Lochinvar is a village in the Hunter Region of New South Wales, Australia, eleven kilometres west of the regional centre of Maitland. Lochinvar is within the boundaries of the City of Maitland local government area and is named after Lochinvar, a loch in southern Scotland. A historic home and property called "Windermere" (1821) is located near the town. There is also a locally famous country department store called "Aird's of Lochinvar" on the Maitland side.

At the , it had a population of 784 people.

Education
On the highway through the town is a large Catholic convent housing the Sisters of St Joseph (1883). There is a secondary college on the grounds, St Joseph's College - a coeducational college which caters for students from Years 7–12. It was once also a boarding school for girls. It is also the site of Lochinvar Public School, as well as St Patrick's Lochinvar, the local Catholic primary school.

Transport
The town is mostly built up along the busy New England Highway between the major centres of Maitland and Singleton and is 165 kilometres north of Sydney. Most people in the area work in nearby Maitland or Singleton. Lochinvar railway station is some two kilometres south of the village.

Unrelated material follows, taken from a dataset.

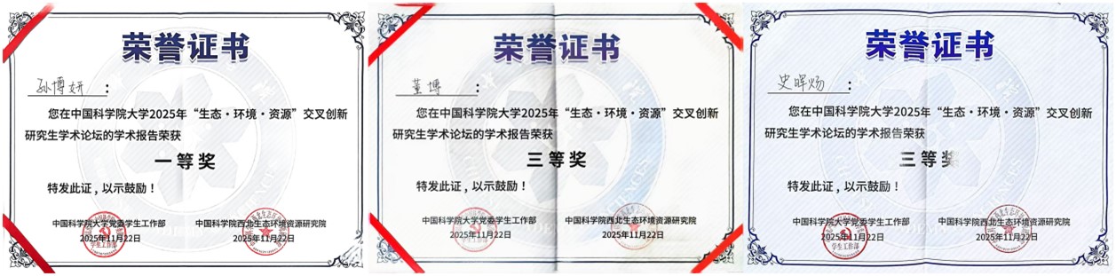 論壇設(shè)置“生態(tài)與環(huán)境領(lǐng)域組”“資源與工程領(lǐng)域組”及“弘揚科學(xué)家精神與研究生思政教育管理研討組”三大專題板塊,聚焦國家戰(zhàn)略需求與科技前沿,推動學(xué)科融合與協(xié)同創(chuàng)新。青海鹽湖所研究生緊扣青藏高原生態(tài)安全屏障、柴達(dá)木盆地資源高效利用與環(huán)境保護(hù)等關(guān)鍵科學(xué)問題等多個方向進(jìn)行學(xué)術(shù)報告和墻報展示?,F(xiàn)場討論熱烈,學(xué)術(shù)氛圍濃厚。通過這一高水平平臺,青海鹽湖所研究生不僅展示了最新的科研進(jìn)展,更與兄弟院所建立了深入的學(xué)術(shù)聯(lián)系,為后續(xù)合作奠定了良好基礎(chǔ)。參會研究生們憑借出色表現(xiàn),成績斐然。孫博妍榮獲優(yōu)秀學(xué)術(shù)報告一等獎;董博與史暉煬榮獲優(yōu)秀學(xué)術(shù)報告三等獎;馬智超、甄璐菲、盧文薇的墻報榮獲優(yōu)秀墻報獎。

Hunter Valley Buses runs two bus routes through the village of Lochinvar:
179: Stockland Greenhills to North Rothbury via East Maitland, Maitland, Rutherford, Greta, Branxton.
180: Stockland Greenhills to Singleton Heights via East Maitland, Maitland, Rutherford, Greta, Branxton and Singleton.

Notable people
 Actress sisters Abbie and Isabelle Cornish were born in the village in 1982 and 1994 respectively.